Iowa City does not require short-term rental hosts to carry a specific insurance policy or post a liability minimum, and Iowa Code §414.1(2) would bar an STR-specific mandate in any event. Iowa has no statewide STR insurance law. Hosts using Airbnb or VRBO rely on platform-provided host protection (Airbnb AirCover up to $1M, VRBO Liability Insurance up to $1M), and a personal Iowa homeowner's policy almost always excludes rental for compensation.
Neither the Iowa City Code nor Iowa state law imposes an insurance requirement on STR operators. Iowa Code §414.1(2) (HF 2641, 2020) would block an STR-specific insurance mandate by Iowa City as inconsistent with the rule that STRs cannot be regulated differently from other residential property; the city could, however, impose a general rental-property insurance requirement that applies to all rentals. Iowa City has not done so to date. Coverage is therefore governed entirely by contract: the host's homeowner's or landlord policy, the platform's host-protection program, and any HOA or condo master policy. The major risk for Iowa hosts is that a standard Iowa HO-3 homeowner's policy contains a 'business pursuits' exclusion that voids coverage for property damage and liability arising out of a rental for compensation - including a single Airbnb booking. Hosts should either (1) endorse a 'home-sharing' or STR rider onto the HO-3, (2) move to a commercial Landlord Dwelling policy (DP-3) plus a Hosted Lodging endorsement, or (3) purchase a dedicated STR policy from a specialist carrier (Proper, Slice). Platform protection programs are secondary, not a substitute: Airbnb AirCover provides up to $1,000,000 liability and $3,000,000 host damage protection but only for losses caused by the verified booking guest and only when filed through Airbnb. The Iowa City Title 17 rental permit application does not require proof of insurance, but University of Iowa-area condo associations and mortgage lenders frequently impose insurance requirements via private contract.
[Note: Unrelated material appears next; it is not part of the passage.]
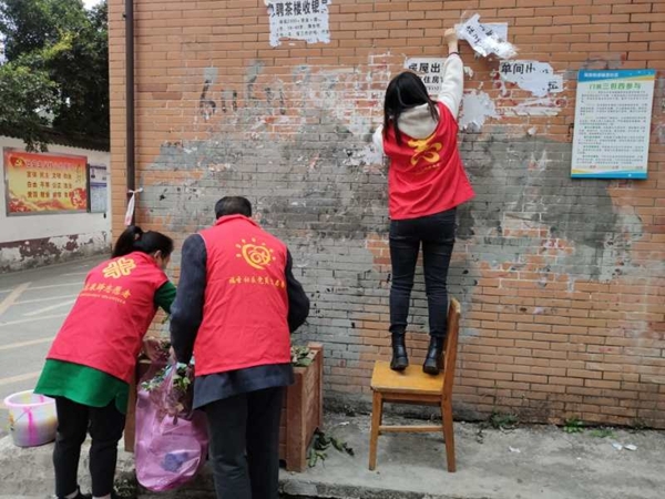崇德社区好人叶元蓉一早就起来与社区志愿者们汇合,他们56人分为四个小组深入小区院坝、楼栋,一边清扫死角垃圾,一边宣传动员社区居民积极参加“周末大扫除”行动,随后上千户家庭纷纷响应主动加入,全力开展家庭卫生大清洁、社区楼栋大扫除、社区绿地花园大整治行动。几净窗明、鸟语花香,一幅环境优美、风尚新美、家庭和美、生活富美的崇德画卷正呈现在眼前。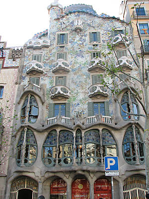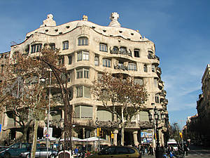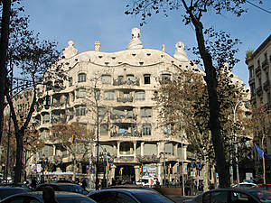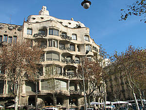 От дома Висенс мы вернулись на улицу Carrer Gran de Gràcia. Мне она показалась созвучной со словом спасибо по испански. И в наших разговорах между собой мы решили, что гуляем по улице Спасибо. Наш путь по этой улице был направлен в сторону центра. И спустя 1200 метров с левой стороны по ходу нашего движения мы увидели первый интересующий нас объект. Это был дом с названием Каса Мила ( дом 92) . Мимо этого дома да и всех остальных творений Гауди пройти трудно. Толпы туристов , фотографирующих объект, не дадут пройти мимо. Это творение почему то для меня было похоже на черепаху. Барселонцы называют этот дом каменоломня из-за его серого, грубо обработанного фасада. Этот жилой дом был построен в 1910 г.

Operating without adequate insurance is not a code violation in Iowa City, but a guest injury without coverage can result in personal liability up to the host's full net worth. An Iowa homeowner's policy that excludes business pursuits will deny the claim, and Iowa's bad-faith framework (Dolan v. Aid Insurance Co., 431 N.W.2d 790 (Iowa 1988)) does not help if the exclusion is clearly drafted and applied to a clearly commercial use.